_Information provided_.

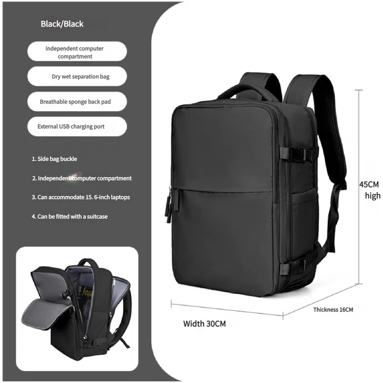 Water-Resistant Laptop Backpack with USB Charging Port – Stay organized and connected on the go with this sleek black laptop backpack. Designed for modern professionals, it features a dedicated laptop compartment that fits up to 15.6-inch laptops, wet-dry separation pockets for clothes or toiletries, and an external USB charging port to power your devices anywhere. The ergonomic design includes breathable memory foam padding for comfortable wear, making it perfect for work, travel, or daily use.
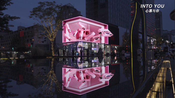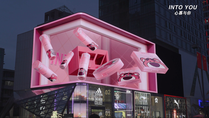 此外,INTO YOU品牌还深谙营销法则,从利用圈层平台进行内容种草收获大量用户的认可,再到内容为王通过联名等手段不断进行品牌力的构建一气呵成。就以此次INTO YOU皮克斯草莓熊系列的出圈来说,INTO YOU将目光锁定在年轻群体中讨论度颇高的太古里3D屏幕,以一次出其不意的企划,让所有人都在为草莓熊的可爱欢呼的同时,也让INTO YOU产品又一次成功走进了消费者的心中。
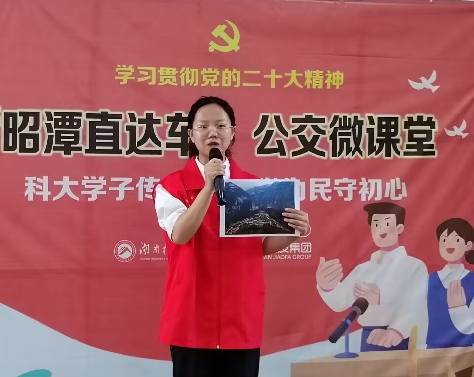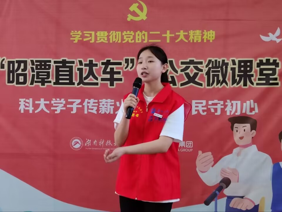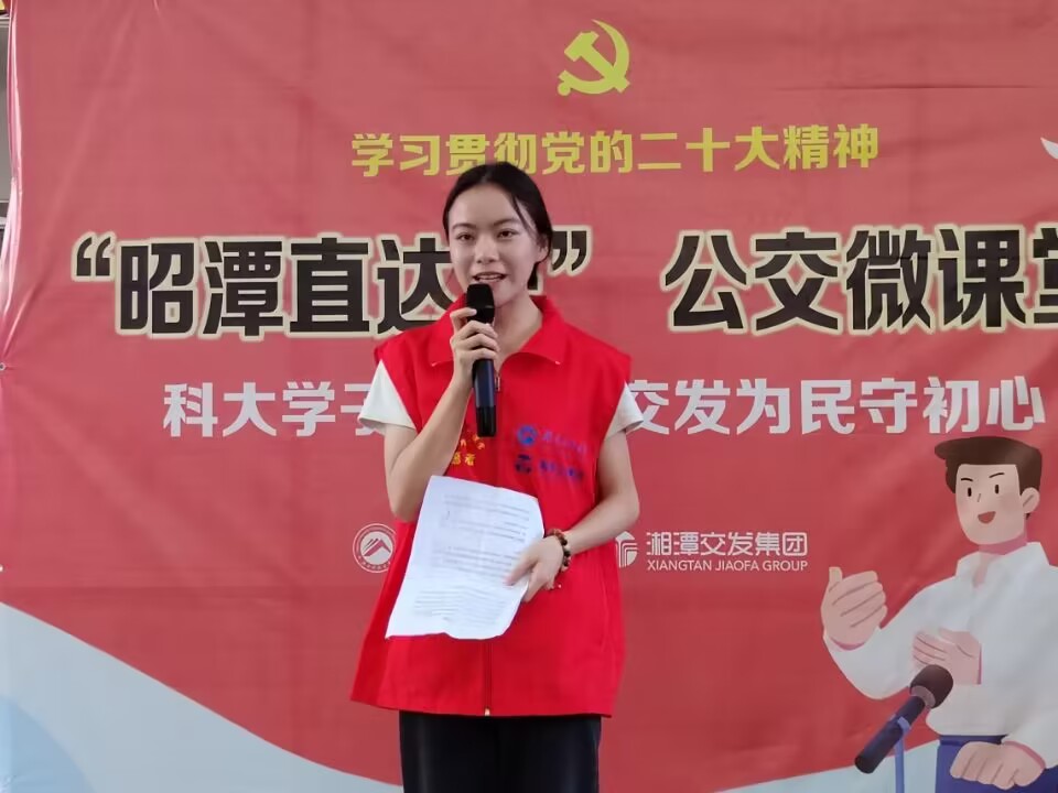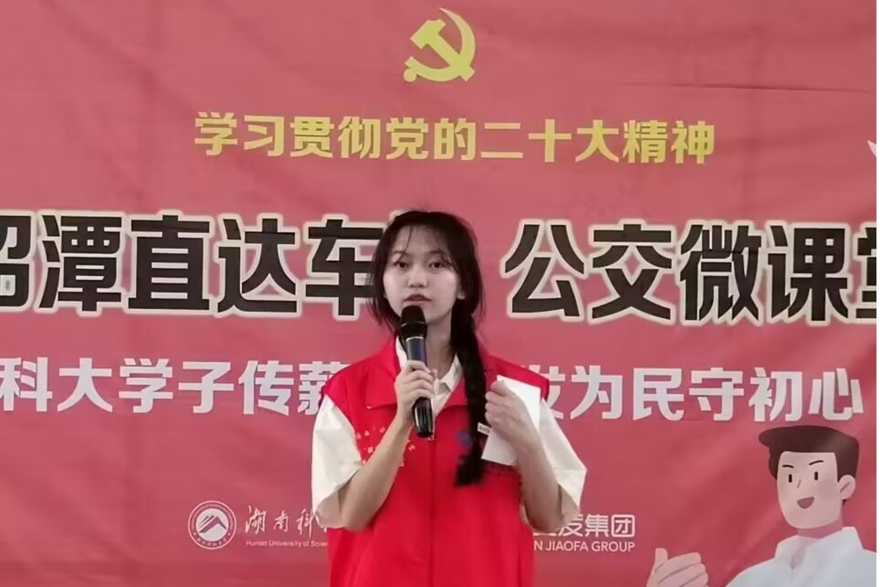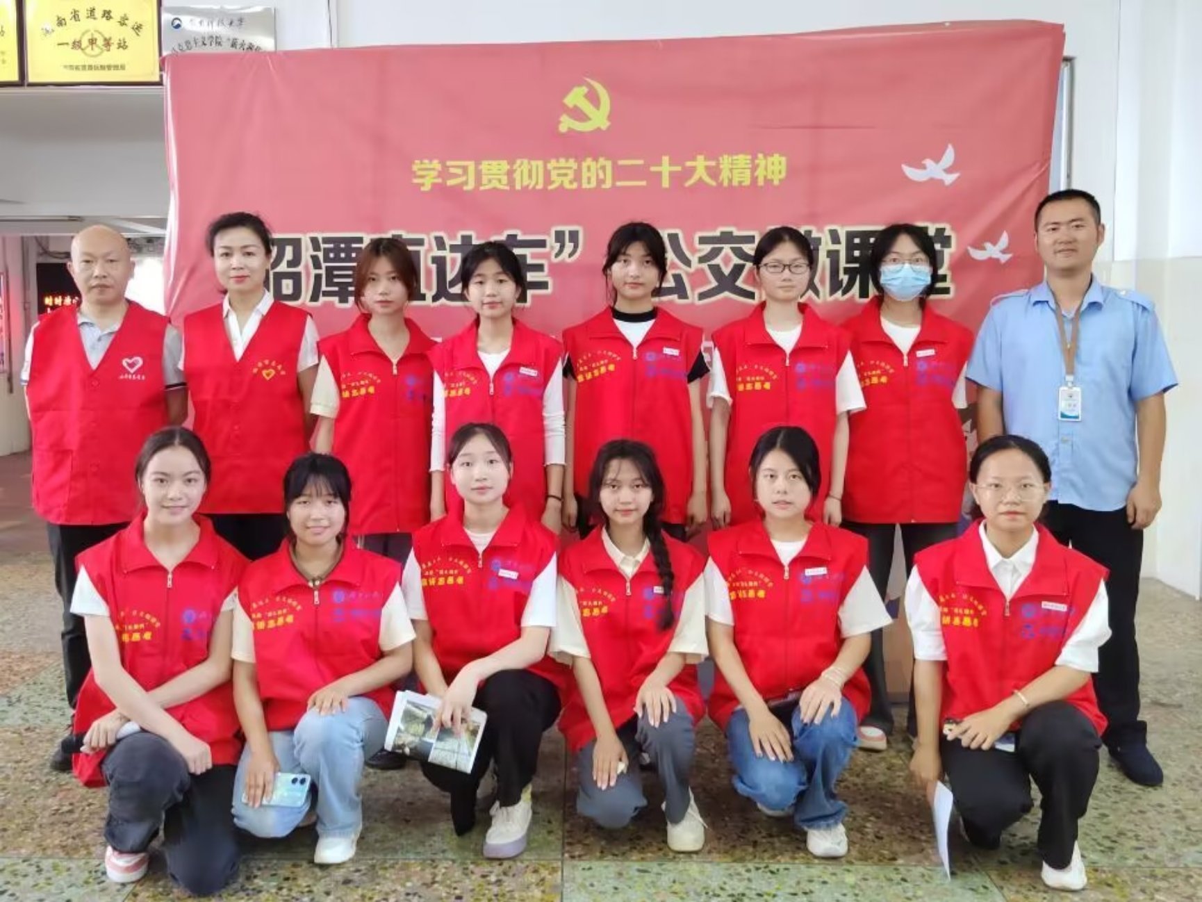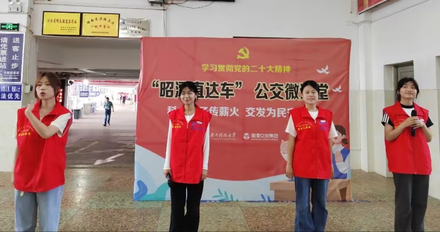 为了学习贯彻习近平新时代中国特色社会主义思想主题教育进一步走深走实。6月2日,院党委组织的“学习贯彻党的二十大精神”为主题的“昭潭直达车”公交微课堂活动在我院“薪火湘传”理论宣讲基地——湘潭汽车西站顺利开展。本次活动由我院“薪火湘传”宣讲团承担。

_Your assignment_.
Retype each line above exactly and leave out any picture.

_Exercise response_.
 Water-Resistant Laptop Backpack with USB Charging Port – Stay organized and connected on the go with this sleek black laptop backpack. Designed for modern professionals, it features a dedicated laptop compartment that fits up to 15.6-inch laptops, wet-dry separation pockets for clothes or toiletries, and an external USB charging port to power your devices anywhere. The ergonomic design includes breathable memory foam padding for comfortable wear, making it perfect for work, travel, or daily use.
 此外,INTO YOU品牌还深谙营销法则,从利用圈层平台进行内容种草收获大量用户的认可,再到内容为王通过联名等手段不断进行品牌力的构建一气呵成。就以此次INTO YOU皮克斯草莓熊系列的出圈来说,INTO YOU将目光锁定在年轻群体中讨论度颇高的太古里3D屏幕,以一次出其不意的企划,让所有人都在为草莓熊的可爱欢呼的同时,也让INTO YOU产品又一次成功走进了消费者的心中。
 为了学习贯彻习近平新时代中国特色社会主义思想主题教育进一步走深走实。6月2日,院党委组织的“学习贯彻党的二十大精神”为主题的“昭潭直达车”公交微课堂活动在我院“薪火湘传”理论宣讲基地——湘潭汽车西站顺利开展。本次活动由我院“薪火湘传”宣讲团承担。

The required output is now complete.